On the Great Plains, some of the last remaining groups of “free” Indians survived by hunting buffalo—until the advance of firearms technology in the early 1870s saw the entire American bison population wiped out in a few years. After this, a few decades of desultory warfare saw the last Indian groups subdued by the US Army, and the reservation system was forced on the Amerindians. Many Indian children were forced to go to public schools where the goal was to “kill the Indian,” i.e., to remove all vestiges of Indian language and culture from the student, replacing it with the dominant English-speaking Christian and Western ideology.

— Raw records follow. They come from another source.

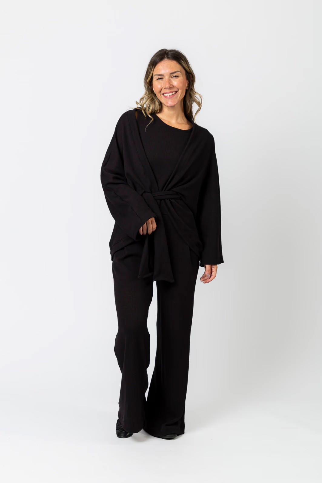 A textura é o elemento que conecta tudo. A trama aberta e o efeito artesanal criam uma identidade forte, enquanto as modelagens equilibram conforto e estrutura.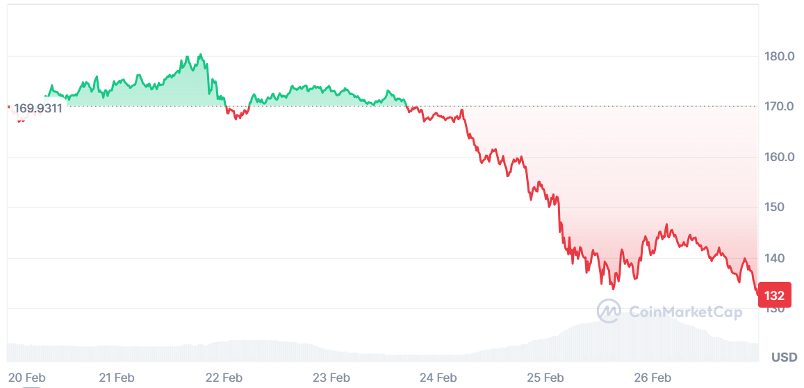 由于网络上的交易活动放缓,Solana的价格远低于其历史**高高的50%以上。周二的某一时刻,索拉纳(Solana)的交易价格为132美元,但随后略有反弹至139美元,在发稿时再次下跌至132美元。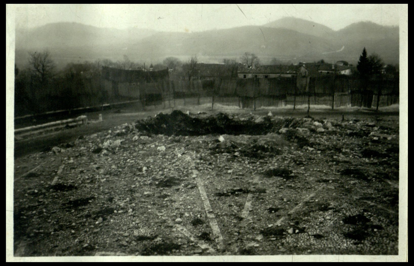 Il cratere di un grosso proiettile davanti la gipsoteca di Possagno. |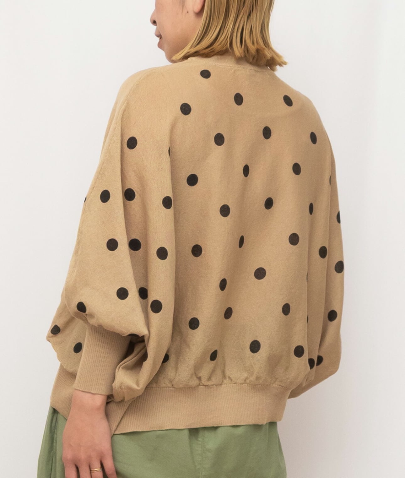 さらりとした軽い着心地の麻タッチポリエステル天竺ドットプリントドルマンプルオーバー。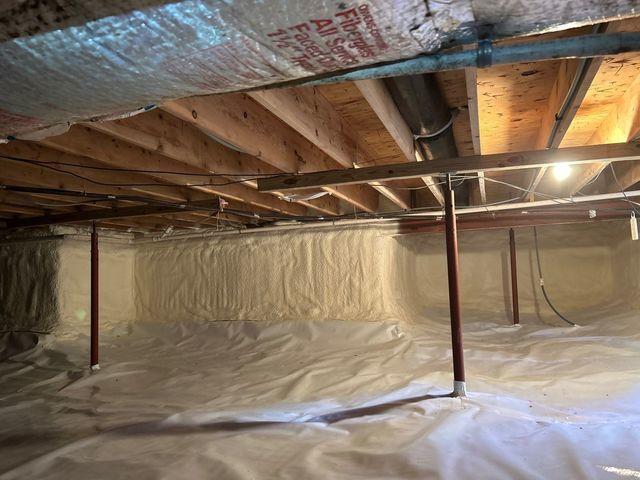 Clean Space covers the floors and runs up the crawl space walls as a moisture barrier. Spray Foam insulation was applied over it to insulate the walls and air-seal the rim joists.

This is hardly a glorious track record, and there is much about it to lament. That said, we have sought to demonstrate that there are virtually no grounds—at any time in the five-hundred-year history of European settlement in the New World—for declaring European policies or actions against the Amerindians to be “genocidal.” This is—at best—a metaphor; at worst, an inexcusable exaggeration that diminishes the victims of actual genocide. Nor is there historical justification for arguing that the United States or any Western Hemisphere country is fundamentally illegitimate because it was “stolen” from Indigenous peoples. Even if some land was stolen or conquered in war, much of it was purchased and sold voluntarily. Such a simplistic view also ignores inescapable realities such as demographic reality and the necessity of switching from a hunter-gatherer to an agricultural lifestyle after introducing firearms.

Another thing that this lamentable history does not justify is the accusation that either Europeans or their culture was particularly depraved in comparison with other global cultures. Most Western Hemisphere countries with substantial Native populations in 1491 are today majority Indian or mestizo. The same holds throughout the Old World to an even greater extent. All this gives the lie to the myth of settler colonialism as a consistent policy or systemic feature of European civilization. Looking at global history, it is abundantly clear that Europeans were no more prone to violence, hierarchy, patriarchy, or slavery than any other people on Earth. The last few centuries have demonstrated nearly the opposite: Western civilization has been the overwhelming force behind the triumph of human rights in modern global society. This includes the abolition of slavery, women’s rights, gay rights, and minority rights—in short, every form of equality that most modern people hold dear. This human rights revolution was made possible through the advance of European learning and technology—the same learning and technology lamented so bitterly by those who criticize European expansionism and colonization.

In a further irony, the theoretical framework that paints Europe as particularly depraved is a brainchild of the European scientific and Enlightened self-criticism tradition. Only in the West has radical self-criticism evolved to the fine heights we see today. Already in the nineteenth century, the European penchant for self-criticism reached new heights with the spread of Marxism; unfortunately, nearly every modern theory that is critical of Europe continues to use an outdated Marxist paradigm of “inevitable struggle between two opposing groups” as its basis. Critical race theory is a direct descendant of this line of thinking as it evolved in the 1960s and ’70s. Any theory that posits that Europeans are a priori worse than any other historical group is likely to be based upon this hoary reasoning and should be exposed by critically minded historians for the lazy, derivative wish fulfillment that it is. Until we do so, policies that treat underprivileged groups as victims rather than as potential success stories will continue to fail our societies and prolong tragic achievement gaps among Indigenous populations and certain other minority groups.